Herpes zoster infection

BMJ 2019; 364 doi: https://doi.org/10.1136/bmj.k5095 (Published 10 January 2019) Cite this as: BMJ 2019;364:k5095
  1. Phuc Le, assistant professor,
  2. Michael Rothberg, vice chair for research
  1. Center for Value-based Care Research, Cleveland Clinic, Cleveland, OH, USA
  1. Correspondence to Phuc Le lep{at}ccf.org

What you need to know

  • A typical history for herpes zoster might include neuropathic pain for around three days followed by a vesicular rash in a dermatomal distribution

  • Consider treatment with an antiviral for those over 50, or with evidence of trigeminal nerve involvement (ideally within 72 hours of symptoms), and refer those who are immunocompromised and/or have eye involvement

  • The rash takes around two weeks to resolve and can scar

  • Post-herpetic neuralgia is the most common complication and is more likely in older people, where it can take six months or more to resolve

  • In some areas a new recombinant zoster vaccine has been licensed; there is variation in whether the new or previous vaccine is recommended

Herpes zoster is caused by reactivation of a primary infection with varicella zoster virus.1 After a primary infection, the virus lies dormant in dorsal root or cranial nerve ganglia. Reactivation causes the typical dermatomal pain and vesicular rash (fig 1).

Fig 1

Vesicular rash caused by herpes zoster

Varicella zoster (commonly known as chickenpox) and herpes zoster (commonly known as shingles) are caused by the same herpes virus. Varicella follows the initial infection and causes a generalised rash, whereas herpes zoster occurs after reactivation, years later, and symptoms are usually localised to a specific dermatome.

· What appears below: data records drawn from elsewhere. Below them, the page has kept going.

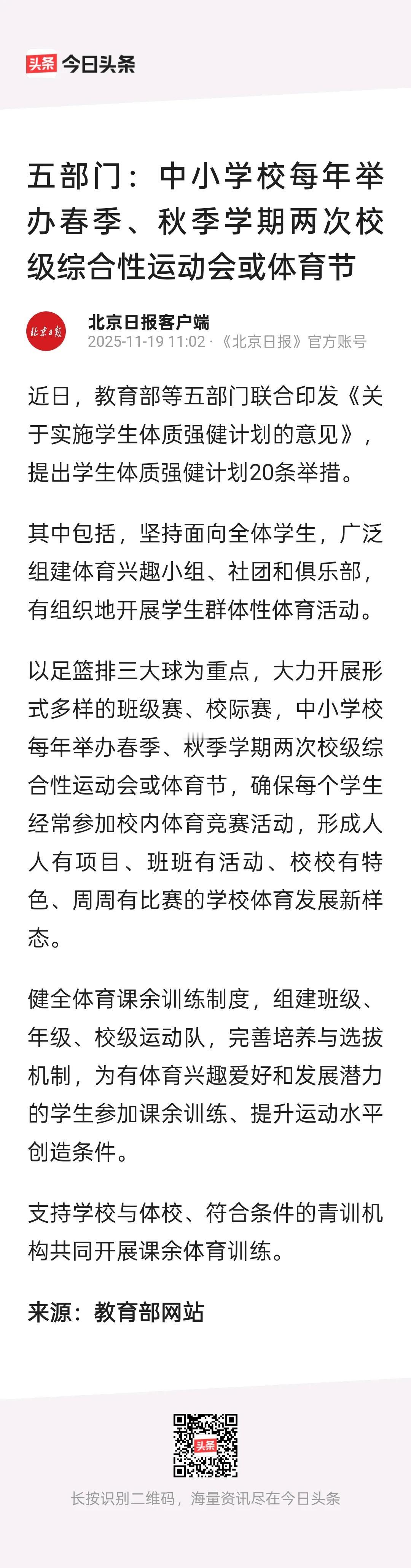 体育老师来活了!国家喊学校每年组织两次运动会。 现在的体育老师跟以前可不一样了,以前的体育老师经常生病,经常见不着人 有好多体育老师为了晋职称,放弃了自己喜欢的体育学科而改教别的学科,以至于很多人调侃自己的数学是体育老师教的 但是现在不一样了,最新教育部又刚发了文件,要求学校里边要多多的组织体育运动,每个学生每天在校内不少于两个小时的体育运动,让学生身上有汗,眼中有光。 除此之外,还要每学年组织两次运动会 要组织运动会,体育老师肯定要挑起大梁 说实话,今天的校园内孩子们每天的生活确实很单调,就是不断的上课上课上课,每个老师都还轮番给孩子们上课,让孩子们背东西,计算题,做实验 虽然现在还是以高考看分数为主,但是体育运动已经刻不容缓。 这每年两次的运动会,会给学生带来想要意见的好处 会让孩子对学校有新的好奇,会让学生对学校有新的期待,也会融洽同班同学之间的关系,增强集体荣誉感。 同时也挖掘出一些体育特长生,可能就在不经意间改变学生的一生 体育老师,你的好日子来了!
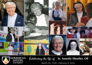 Sister Annette is predeceased by her parents, Nell and Edwin Sheaffer, her sister Janell June Anderson, and two nephews—Tim Cook and Tim Sheaffer. She is survived by her sister, Judy Cook; her brothers, Edwin K. Sheaffer III and John Mark Sheaffer; eight nieces and nephews; eleven grandnieces and nephews; nine great-grandnieces and nephews; and by her Dominican Sisters.
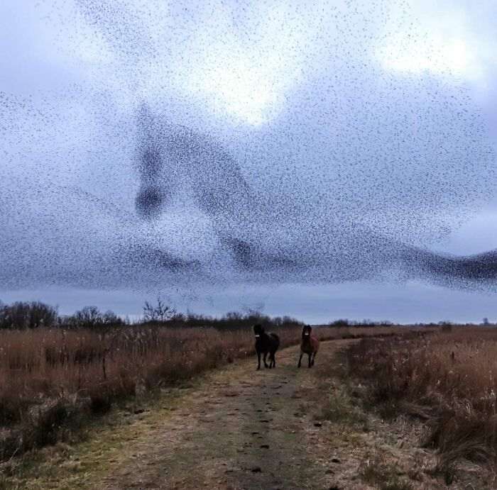 Стая воробьев, изображающих скачущую перед ними лошадь
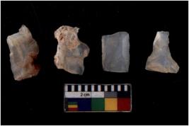 | Description / विवरण | There are n 4 of utilized worked cores. They show multidirectional irregular scar pattern. Two are tapering at one end. |
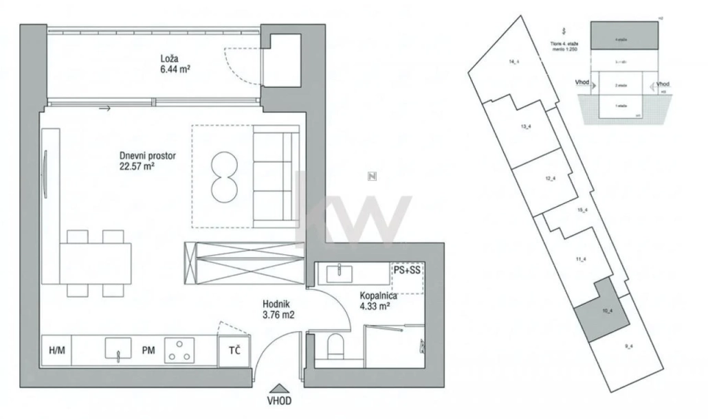 Ontdek deze exclusieve garsonjera in het nieuwbouwproject TRŽAŠKA LIVING, gelegen in het hart van Ljubljana Vič. Dit moderne appartement, dat in maart 2027 wordt opgeleverd, biedt een hoogwaardige woonervaring met een oppervlakte van 56,5 m². Het appartement bevindt zich op de tweede verdieping en is georiënteerd op het zuidwesten, wat zorgt voor veel natuurlijk licht. Het beschikt over een ruime woon-slaapkamer met keuken en eetgedeelte, een badkamer en een loggia. Daarnaast is er een ruime berging in de kelder en een overdekte parkeerplaats. Het gebouw is ontworpen met hoogwaardige materialen en voldoet aan strenge energie-efficiëntie-eisen, waaronder een warmtepomp voor verwarming en warm water, vloerverwarming en driedubbele beglazing. De locatie biedt gemakkelijke toegang tot lokale voorzieningen zoals winkels en restaurants, en is goed verbonden met het openbaar vervoer. Ljubljana Vič is een levendige wijk met een rijke geschiedenis en biedt tal van recreatieve mogelijkheden, waaronder nabijgelegen parken en culturele bezienswaardigheden.
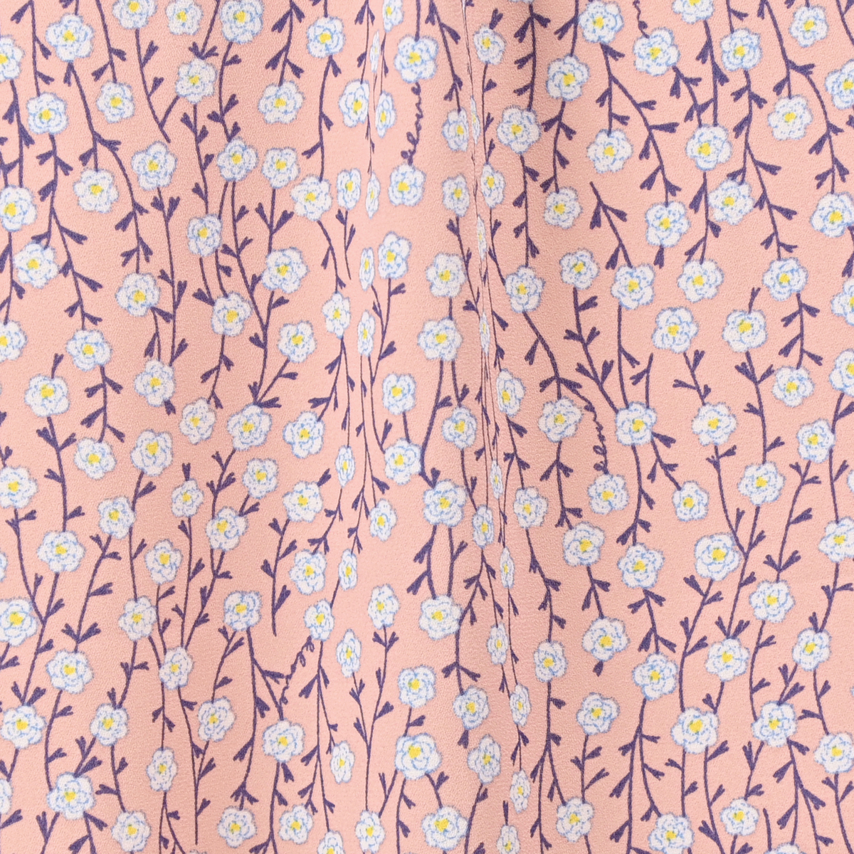 さらりとしたジョーゼット素材を使用した、優しいシボ感と上質な落ち感が魅力のブラウスです。白い花びらの小さなカメリアを全体に散りばめ、ハートの花芯やブランドロゴをさりげなくデザインし、大人にも着こなしやすい柔らかな雰囲気を演出します
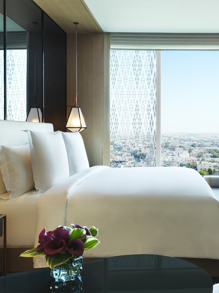 Elevated by soaring 3.5-meter (11.5-foot) ceilings, adorned with curved sofas and graced by herringbone oak floors, our Park Rooms exude an aura of suite-like elegance with elements that harmonize with the panoramic Al Shaheed Park view. The rooms’ atmosphere is further enriched by the burnt-orange lacquer panels, creating a cosy and modern feel that complements the natural beauty outside.
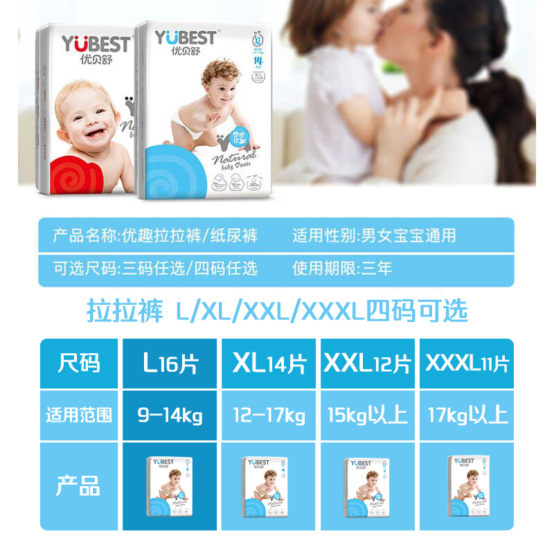 XXL XXXL婴儿男女宝宝尿不湿夏 婴儿L码 优贝舒超薄透气拉拉裤
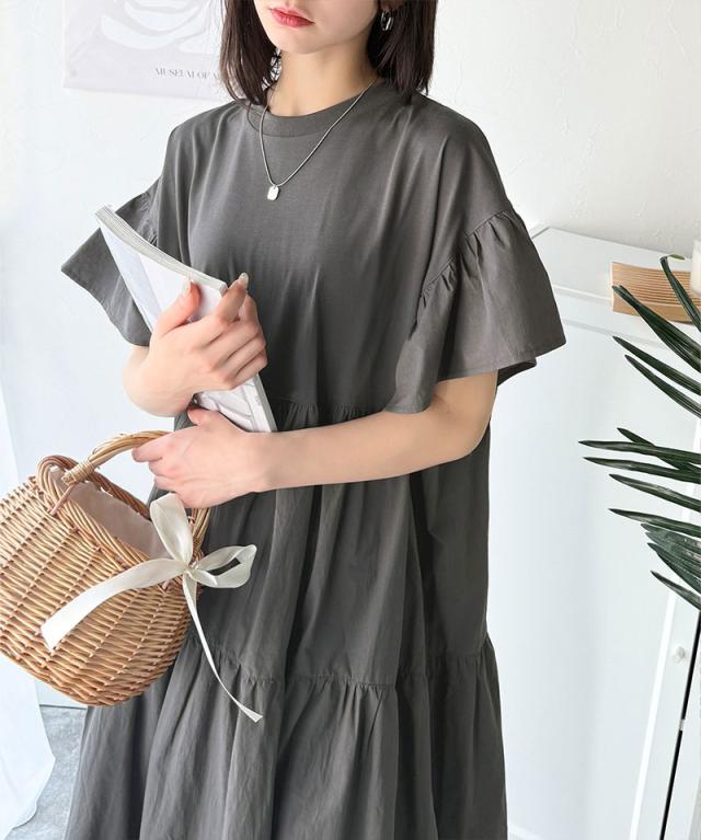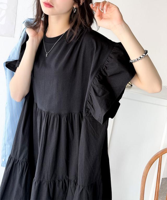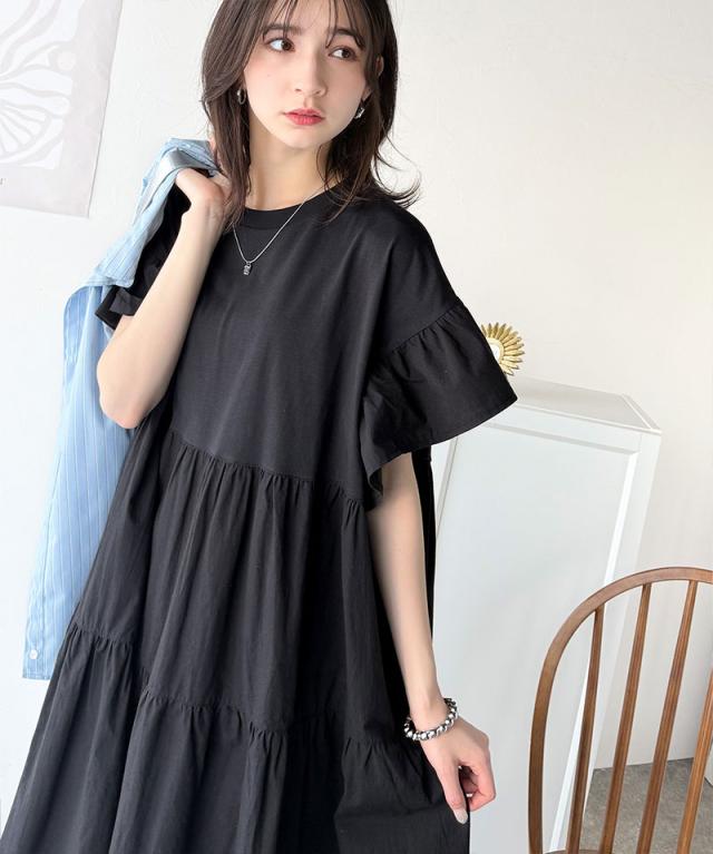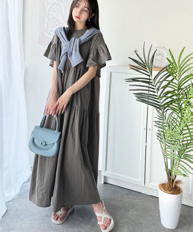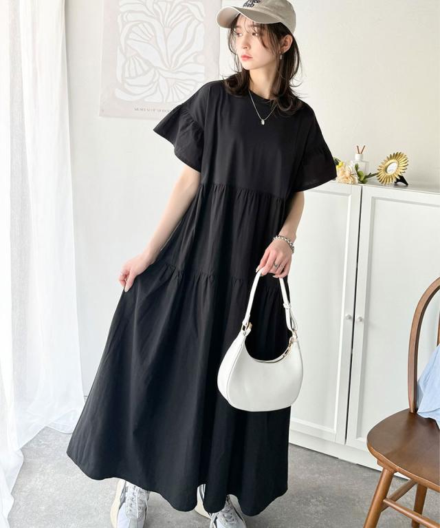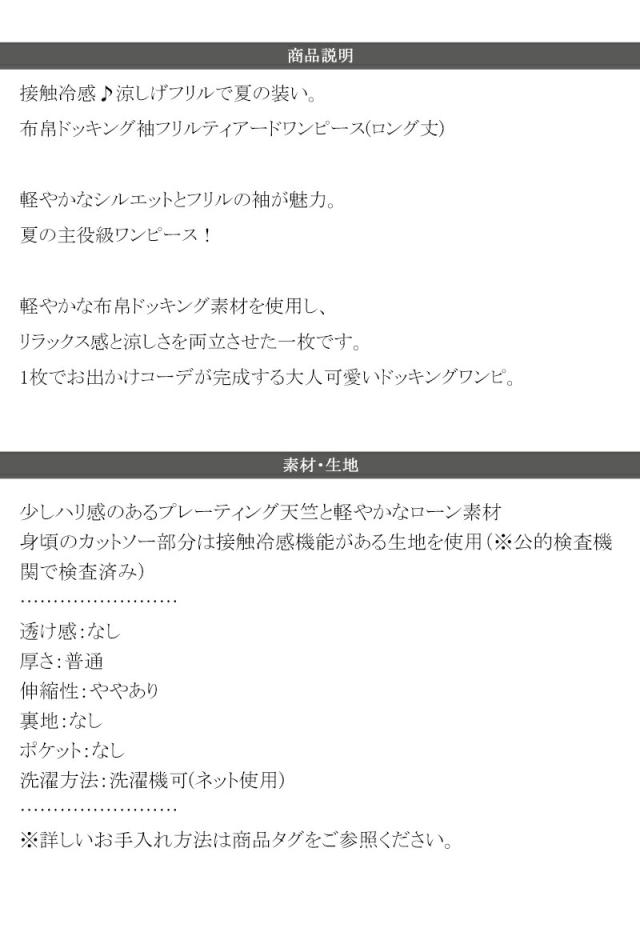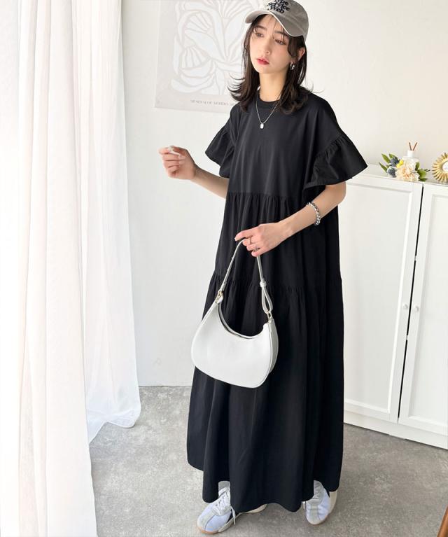 ★接触冷感♪涼しげフリルで夏の装い。布帛ドッキング袖フリルティアードワンピース(ロング丈)★
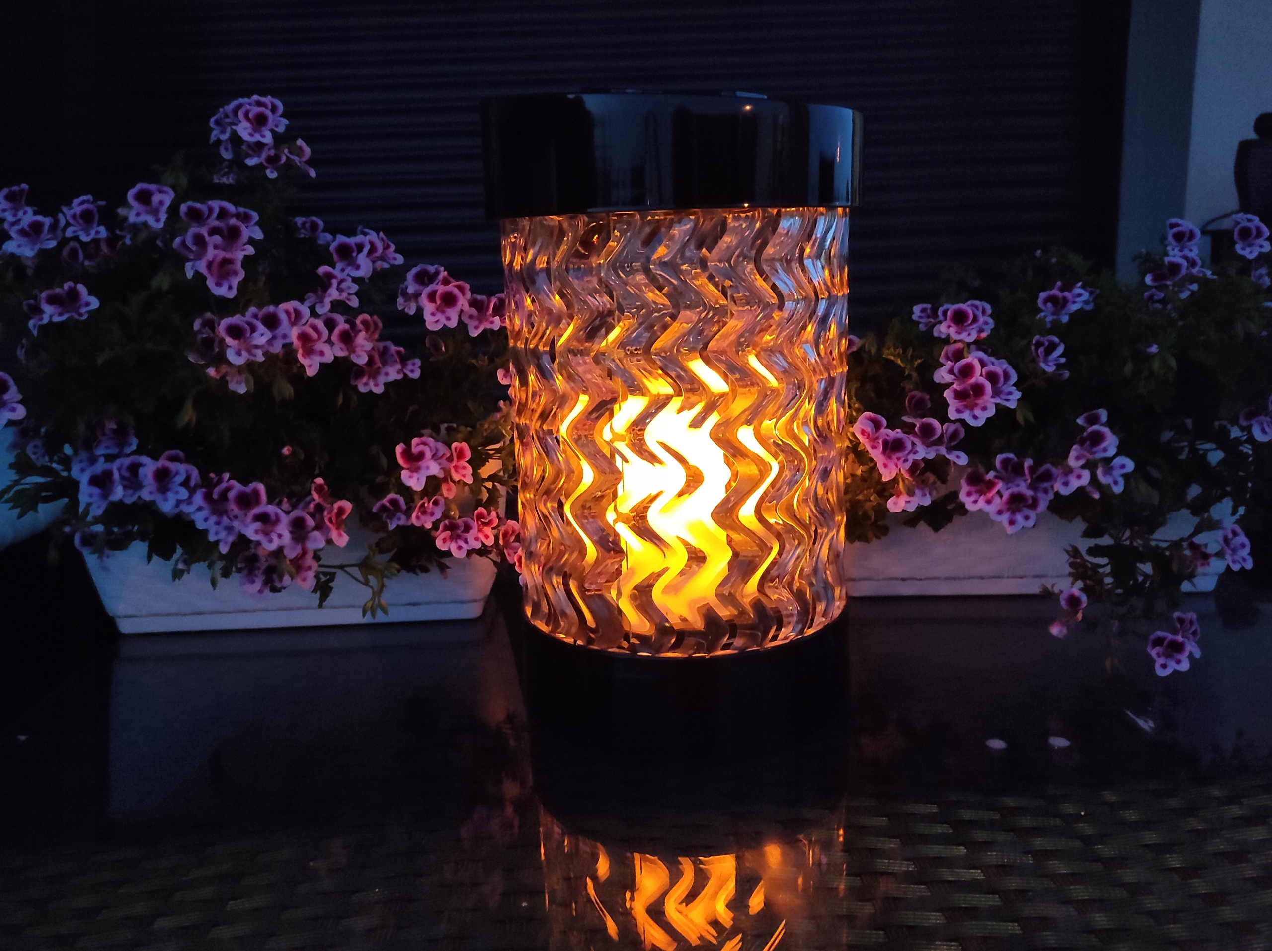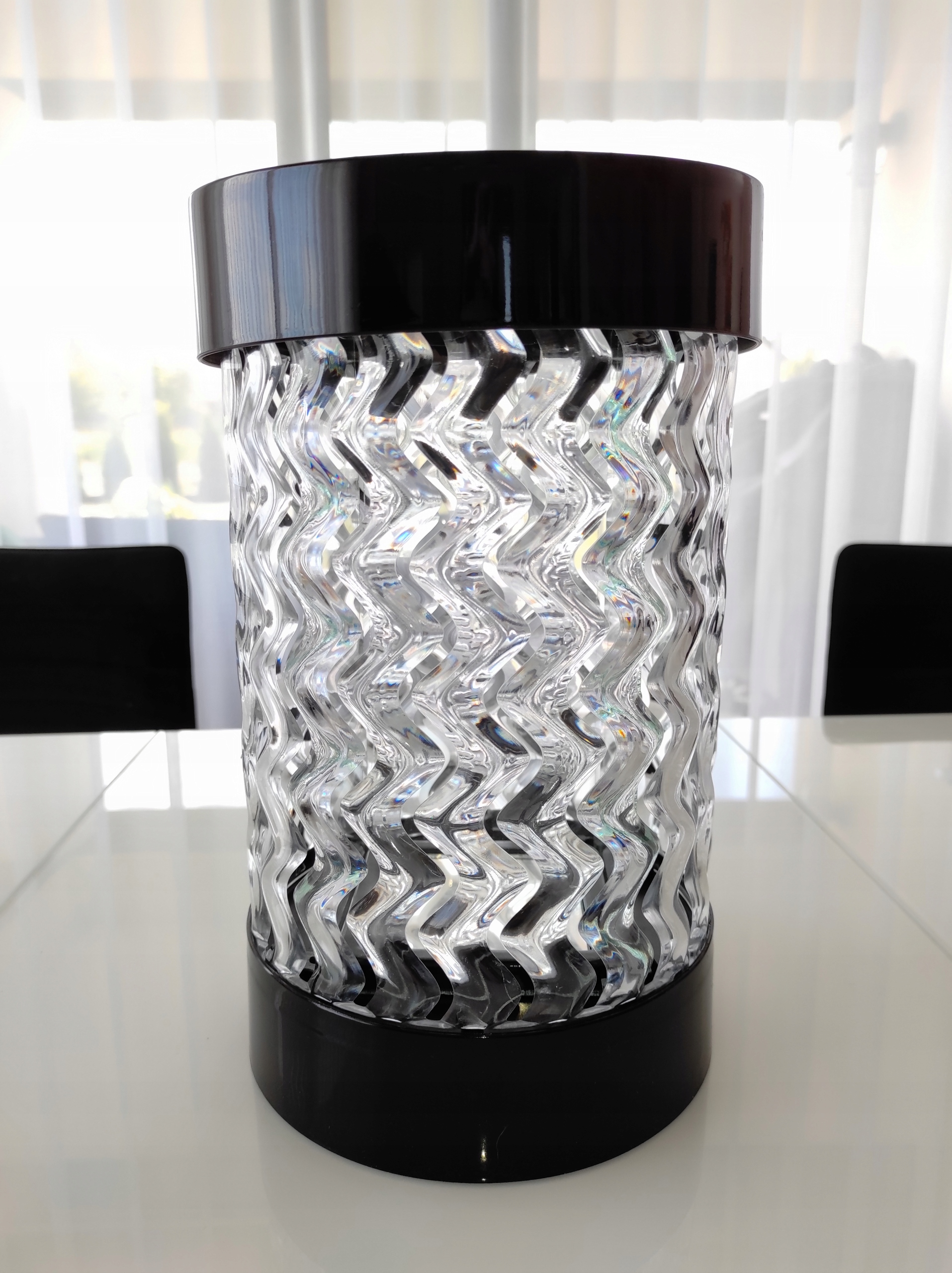 Красива сучасна велика свічка з пластику (основа, кришка, декоративні смуги) та скла.
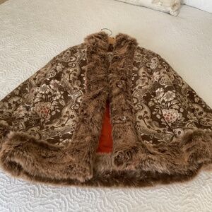 Beautiful jacket from Chasing Unicorns. Beige tapestry with some tiny bits of pumpkin and sage green color, faux fur with pockets. Truly magnificent piece. I can hardly let it go. I do live in Florida though.Very warm jacket, need some cold weather. NWOT. Crosslisted on other sites too.
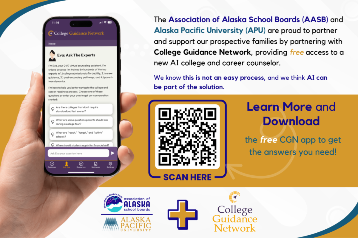 The Association of Alaska School Boards (AASB) and Alaska Pacific University (APU) are proud to partner and support our prospective families by partnering with College Guidance Network to provide free access to a new AI college counselor platform and mobile app.
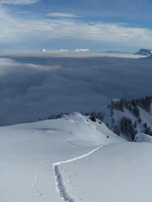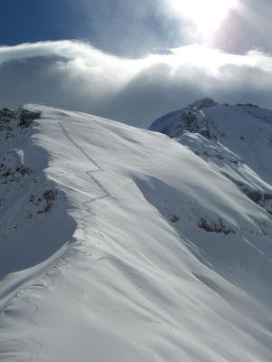 Von Saxeten (1130m) auf dem Schlittelweg bis Underberg (1455m), dann Richtung Oberberg (Spur bis ca. 1600m) und über die E-Flanke auf das Rengghorn (2103.7m). Abfahrt über die W-Flanke zum Renggli (1879m).
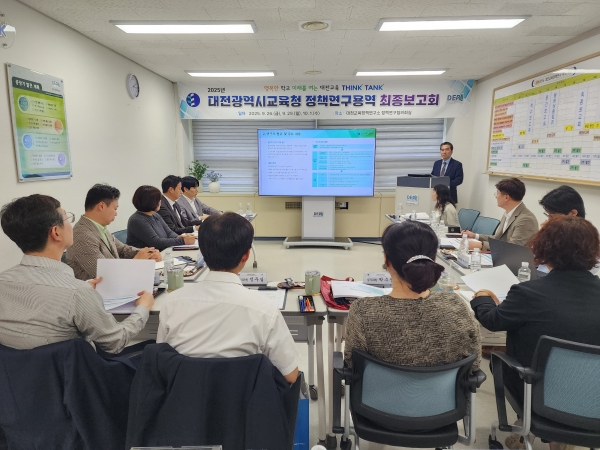 [충청뉴스큐] 대전교육과학연구원 대전교육정책연구소는 9월 26일 29일 10월 1일에 걸쳐 대전교육과학연구원 정책연구협의회실에서 대전시교육청 정책연구용역 최종보고회를 개최했다.

The overall annual incidence of herpes zoster in the UK is estimated to be 1.85-3.9 cases per 1000 population,2 increasing with age from fewer than two cases per 1000 among people under 50 to 11 cases per 1000 among people aged 80 or older. In the US, incidence ranges from 1.2 to 3.4 cases per 1000 person years, increasing with age to 3.9 to 11.8 cases per 1000 person years among people aged 65 or older.34

Who is at risk?

Over 90% of adults in the US have serological evidence of primary varicella …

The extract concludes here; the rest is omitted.